The need for metropolitan-area planning was recognized at least as far back as the turn of the twentieth century. Recall that the 1909 Plan for the City of Chicago contained regional elements for both transportation and open space. However, the first big surge of interest in regional planning came in the 1920s. The primary cause was the huge increase in automobile ownership that occurred during the 1920s and the related growth of the suburbs. As the compact city of the nineteenth century gave way to the metropolitan area of the twentieth century, the need for metropolitan-area planning became evident, particularly in regard to transportation and utilities.

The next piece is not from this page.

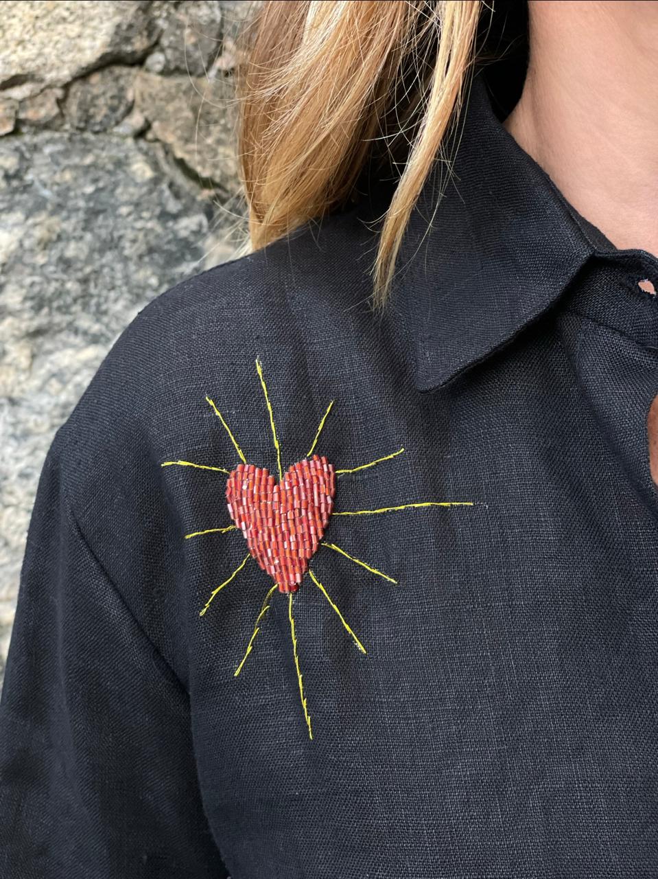 A camisa hearts é feita em 100% linho, bordada a mão com vidrilhos vermelhos e linha dourada. Elegante e estilosa, nossa marca registrada.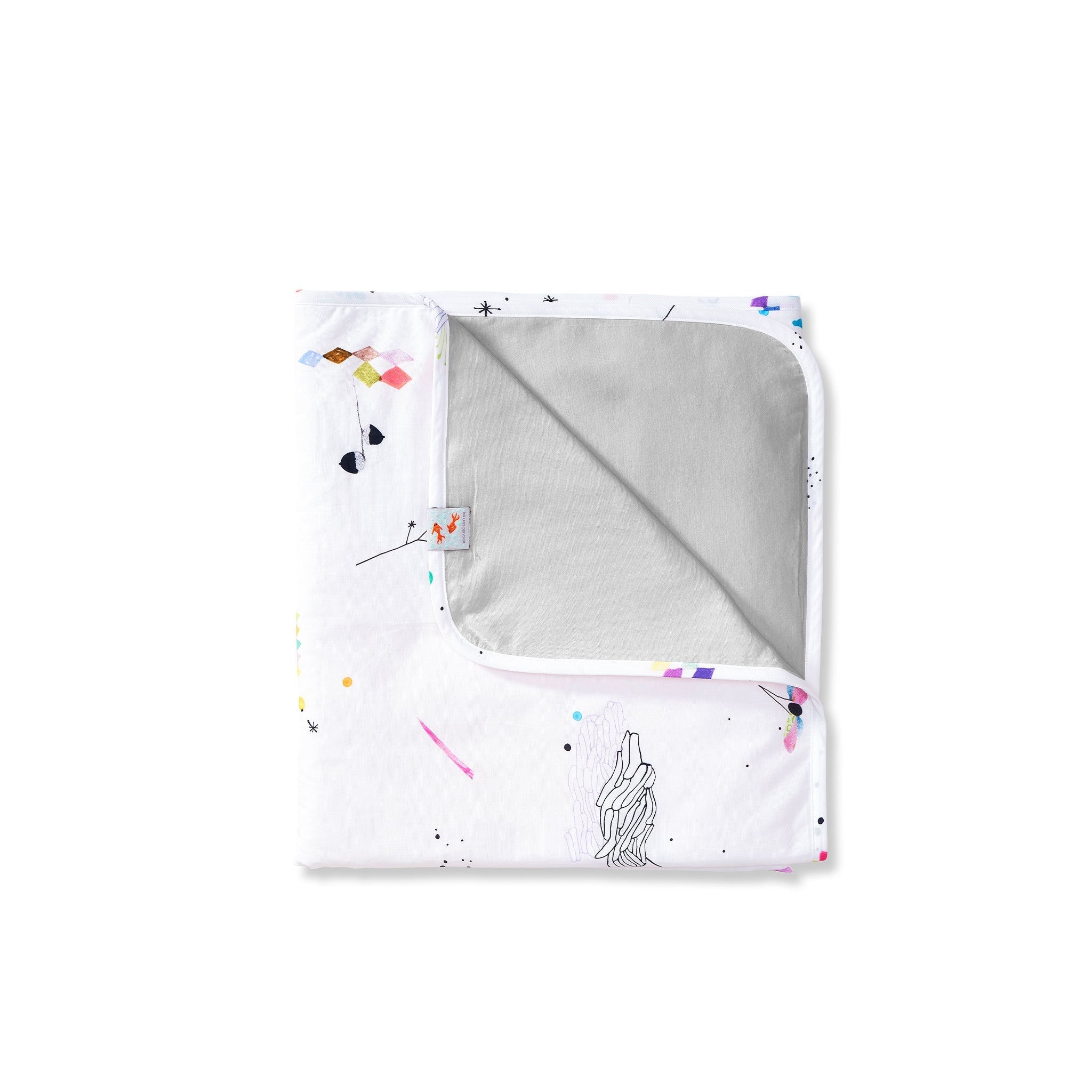 This soft blanket is designed to be used on both sides. The printed side is made of cotton poplin, and the other side is made of super soft combed cotton.

One response to this need was the regional planning agency. One of the first, and probably the best known, of these organizations was the Regional Plan Association in New York. The plan, described in Chapter 3, covered more than 5,000 square miles in three states: New York, New Jersey, and Connecticut. By the end of the 1920s, there were about 15 regional plans in the United States. Many of them, like the plan for the New York region, were done entirely under private auspices. Such plans had absolutely no official sanction or any force of law. They affected the region only to the extent that they influenced the opinions of public officials and their constituents. Other regional plans of the period were governmentally chartered and funded, so they had a certain statutory relationship to the political establishment. But even then, the power of such a group was essentially only the power of persuasion, since it is only the legislative and executive branches of states and municipalities that can make laws and appropriate monies.